■ THE TASK ■
Only one stretch of the data should be retyped: the lines from the line containing "Celebrate the birth" through the line containing "Columns: Store, Store". Keep pictures out of it.

━━━ TASK DATA

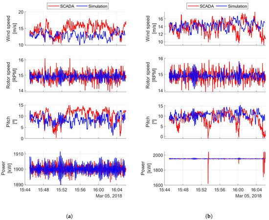 Looking at the time series, the pitch signals take values above the minimum (−2) during the entire 1200 s period. This shows that the pitch-controller was operating to regulate the angular speed of the rotor, which in turn was fluctuating around its rated value in both the SCADA and simulation signals. As a consequence, the power output of both wind turbines was being controlled around its rated value, as desired. Large peaks were observed in the electric power signal from the SCADA of WT2, both above and below rated speed, which lasted for around 10 s. These peaks may be associated to a sudden change in wind speed, as the pitch angle acted accordingly prior and after the occurrence of these peaks. This in not captured in the simulation, where the wind speed did not change in that way over time. The electric power peaks could also be caused by the operation of electric components (e.g., the inverter or the generator), which we did not consider in our simulation.
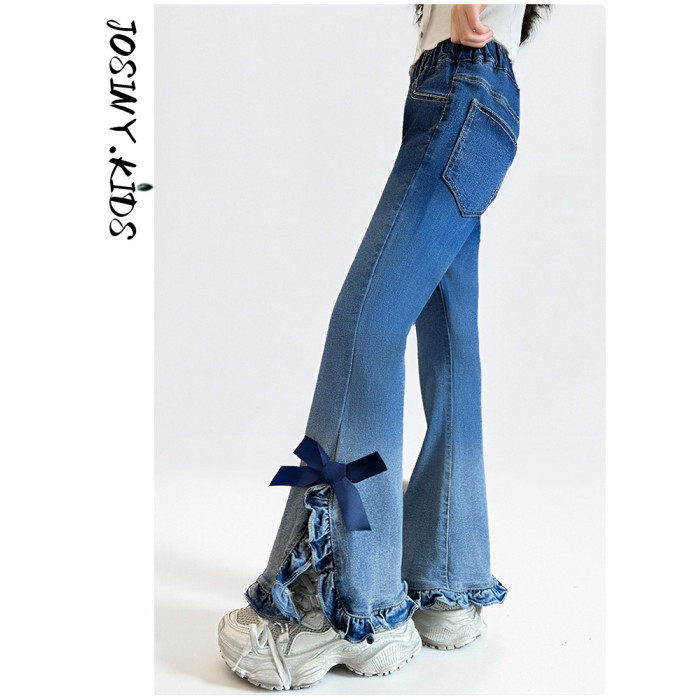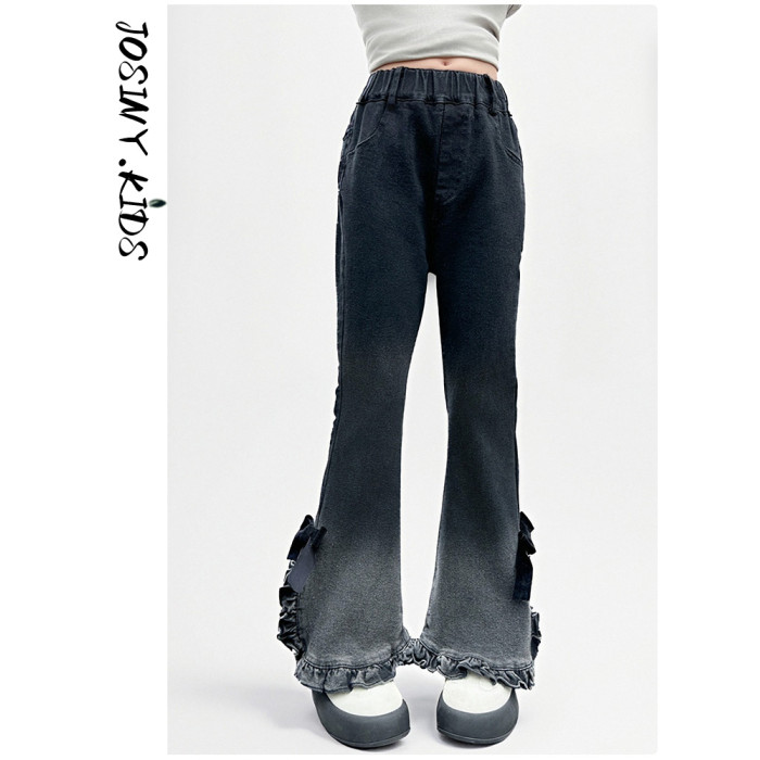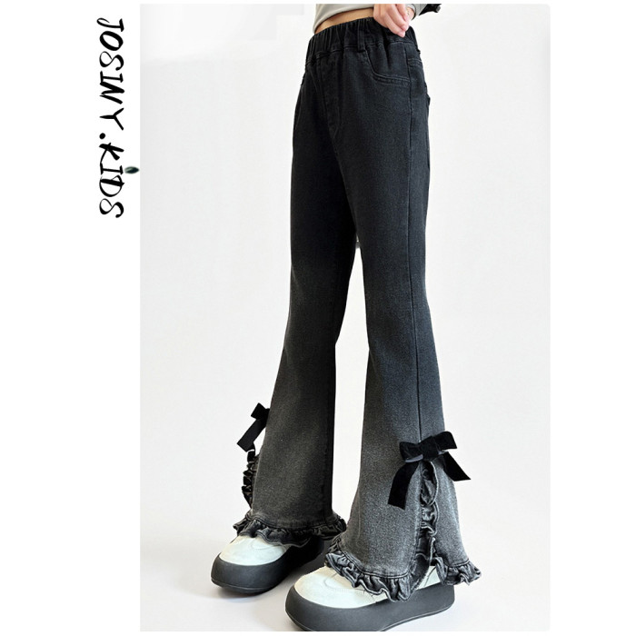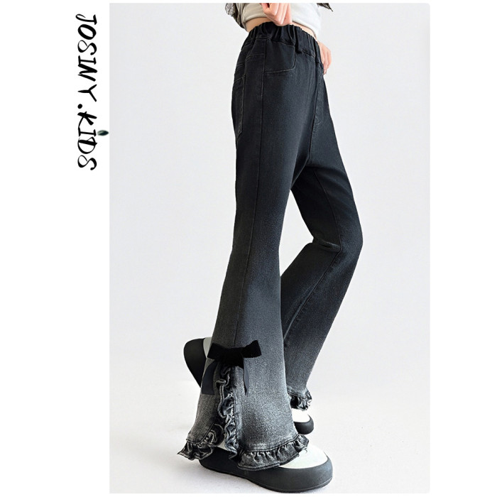 卓詩尼女童喇叭褲春秋季2025新款黑色牛仔褲洋氣時尚修身百搭長褲
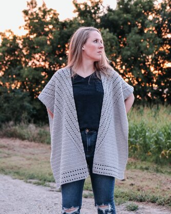 The Meadow Mist Poncho is a simple pattern that is seamless in design, but highlighted by a striking, yet minimal, modern chevron design created using offset chain spaces. The post stitches along the edge of the chevron design and the X stitches along the bottom help give the design a finished appearance while maintaining its modern minimalism. This flowy piece is easy to dress up or down, and is perfect for just about any time of the year. It's cool for summer paired with shorts, a tank, and strappy sandals, but easy to layer with a long-sleeved tee, drapey scarf, and riding boots for a cool Fall day.
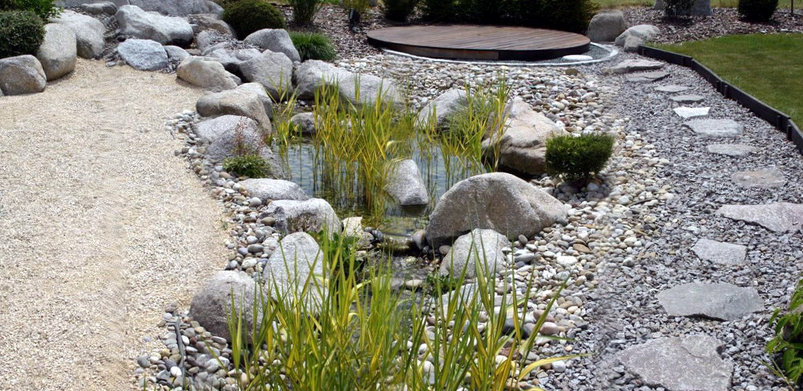 aménagée en jardin zen et enfin une autre partie du jardin est totalement
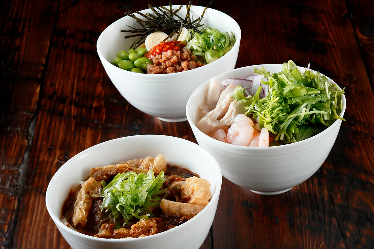 フォー風ヌードルやカレーうどん、まぜ麺風など3種のスープと麺、多彩な具材を組み合わせてオリジナルヌードルづくりをお愉しみいただけます。
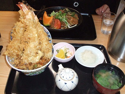 巨大な海老天とかきあげの入った、巨大などんぶりです。が、とても美味しくいただきました。
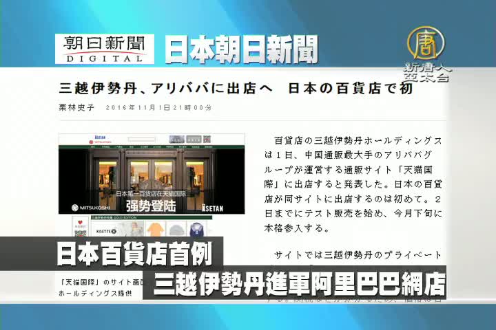【新唐人亞太台 2016 年 11 月 02 日訊】來看到日本朝日新聞報導:三越伊勢丹進軍阿里巴巴旗下的天貓國際,成為首家登錄阿里巴巴網路店鋪的日本百貨公司。
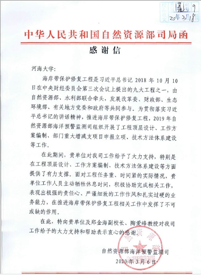 近日,自然资源部海洋预警监测司给我校发来感谢信,对成人漫郑金海教授和陶爱峰教授等多位教师在推进海岸带保护修复工程中的有关工作表示衷心的感谢。
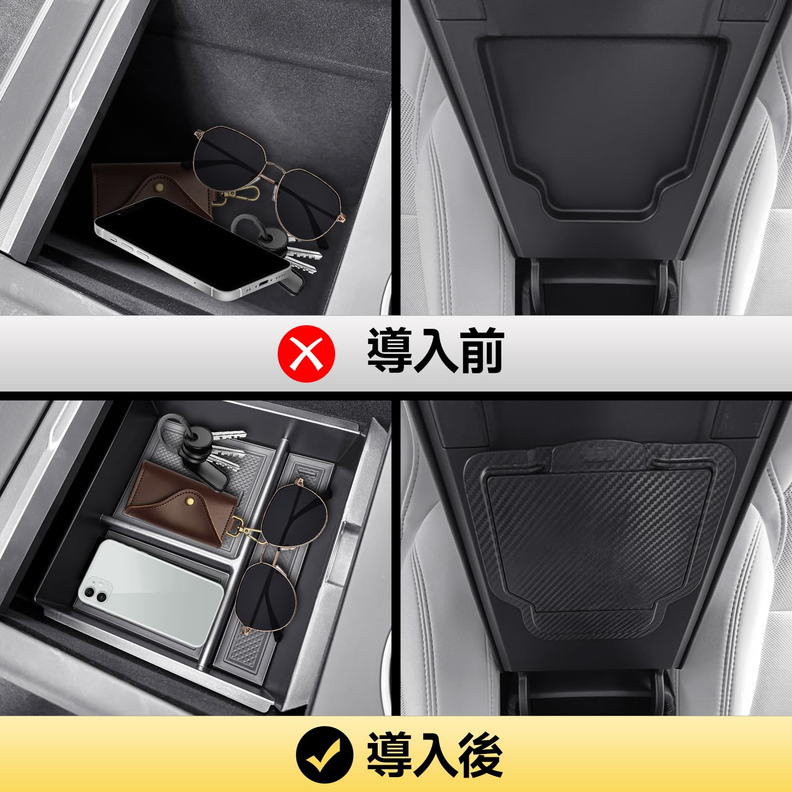 CHIYLE 5個セット 2025年式Tesla Model Y Juniper & 2024-2025年式Model 3 Highland対応 アームレスト内蔵引き出し収納&カップホルダー付きセンターコンソールオーガナイザートレー
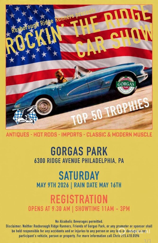 Celebrate the birth of our nation with the Roxborough Ridge Runners at the Red White and Blue Rockin’ the Ridge Car Show. Enjoy classic cars, vintage trucks, and American muscle alongside a live DJ, great music from a live band, exciting door prizes, and custom car show trophies—all set against a backdrop of red, white, and blue community pride at beautiful Gorgas Park.
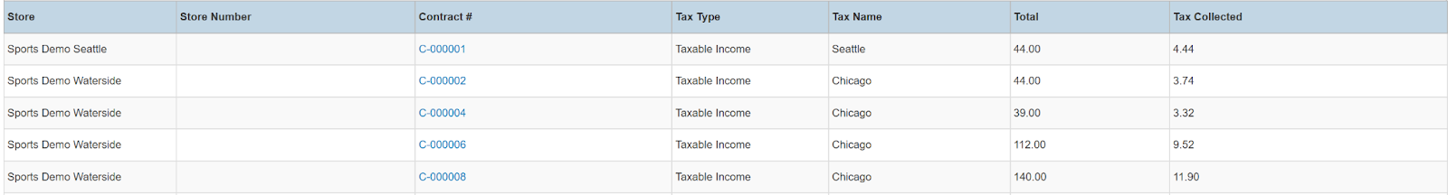 Columns: Store, Store Number, Contract #, Tax Type, Tax Name, Total, Tax Collected
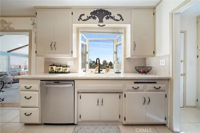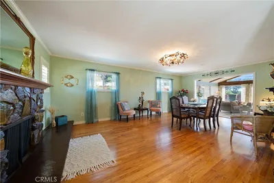 Refined urban living without the traffic, noise, and congestion and still have space for your RV. This beautifully maintained single-story 1960s Mid-Century home is nestled on a tree-lined street with mountain views and showcases numerous thoughtful upgrades completed over the years. A double-door entry with etched glass welcomes you into a formal foyer that opens to a spacious living room with gleaming hardwood floors. The living room features a stunning stone wood-burning fireplace with wood mantel, plantation shutters, crown and base moldings, and a formal dining area. The captivating family room is highlighted by dramatic beamed ceilings, expansive picture windows, and seamless indoor-outdoor flow. Fiberglass doors lead to a private backyard, perfect for entertaining, al fresco dining, or relaxing evenings with family and friends. The open kitchen offers a generous breakfast area, custom wainscoting, crown molding, and ceramic tile floors. Designed for the home chef, it includes a stainless gas cooktop with high-BTU burner, double oven, and GE Profile dishwasher. A charming garden window overlooks the backyard and mountain views. Seamless composite countertops, backsplash, and double sink provide durability and a clean, modern aesthetic. Adjacent to the kitchen is an oversized laundry room with abundant storage, pantry space, utility closet, and direct backyard access. Additional features include smooth ceilings, newer copper plumbing, RV access and parking, partial dual-pane windows, newer roof (2024), newer sewer line (house to street), updated AC, landscaping, automatic sprinklers, attic storage, upgraded insulation, and a gable cooling fan. Hardwood floors enhance most rooms, and bedrooms offer mirrored closet doors and ceiling fans. The remodeled hall bath features a stylish vanity, clawfoot tub with freestanding faucet, rain shower, sconce lighting, and ceramic tile floors. The primary suite includes a private bath with vintage-style corner vanity, updated shower enclosure, and newer flooring. Outside, enjoy a wide side yard with RV access ideal for cars, boats, or recreational vehicles plus a brick ribbon driveway, double iron gate, newer garage door, 50-gallon water heater, open tiled patio, and newly sodded lawn. Close to hiking and biking trails, Orcutt Ranch, highly regarded schools, shopping, and dining. Convenient access to the 101 and 118 freeways in a neighborhood known for long-term residents and a strong sense of community.
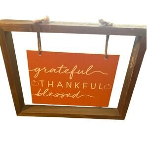 NWOT Wooden Frame with Hanging Sign Merry Everything/Grateful Thankful 8"x9 1/2"
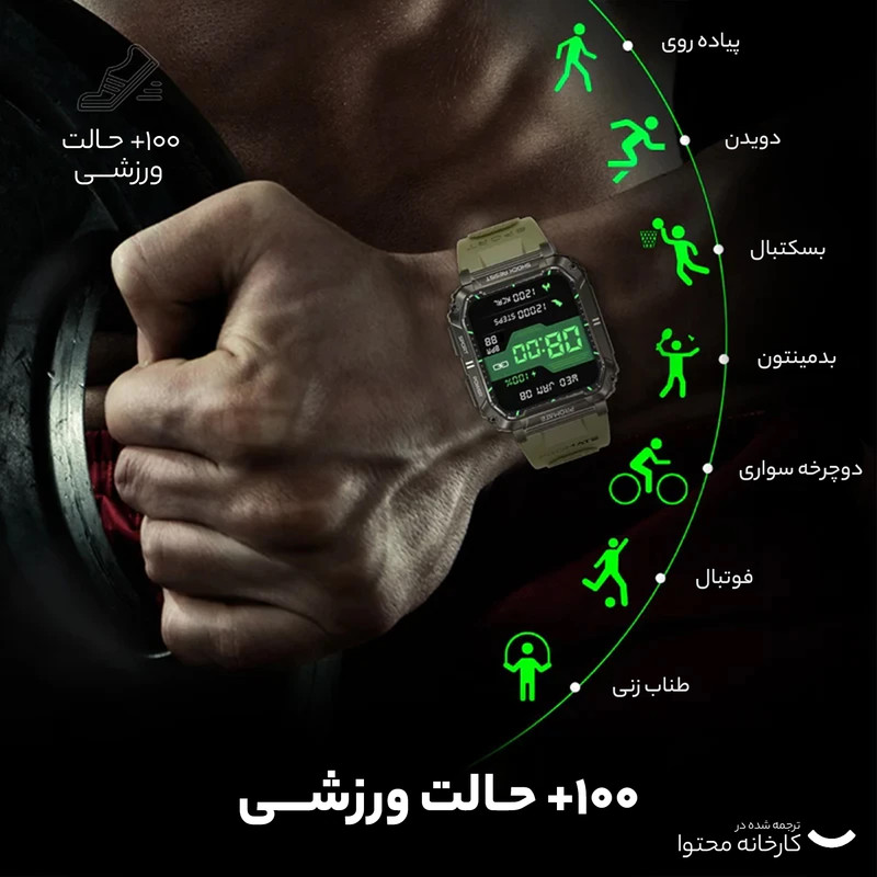 قابلیتهای ساعت هوشمند: کنترل موسیقی (Music Player) , کنترل سطح اکسیژن خون , قابلیت مکالمه از طریق بلوتوث
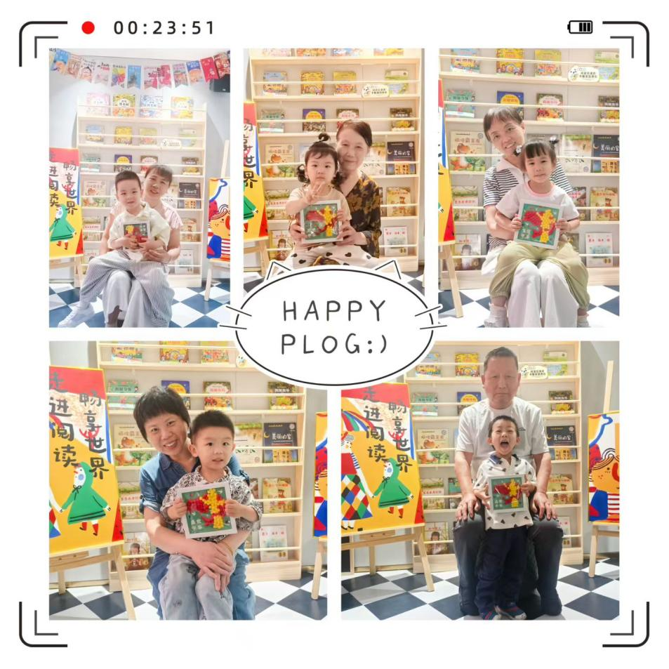 老人与儿童共阅书籍的融合场景

━━━━━━

■ SOLUTION FOR THIS EXERCISE ■
 Celebrate the birth of our nation with the Roxborough Ridge Runners at the Red White and Blue Rockin’ the Ridge Car Show. Enjoy classic cars, vintage trucks, and American muscle alongside a live DJ, great music from a live band, exciting door prizes, and custom car show trophies—all set against a backdrop of red, white, and blue community pride at beautiful Gorgas Park.
 Columns: Store, Store Number, Contract #, Tax Type, Tax Name, Total, Tax Collected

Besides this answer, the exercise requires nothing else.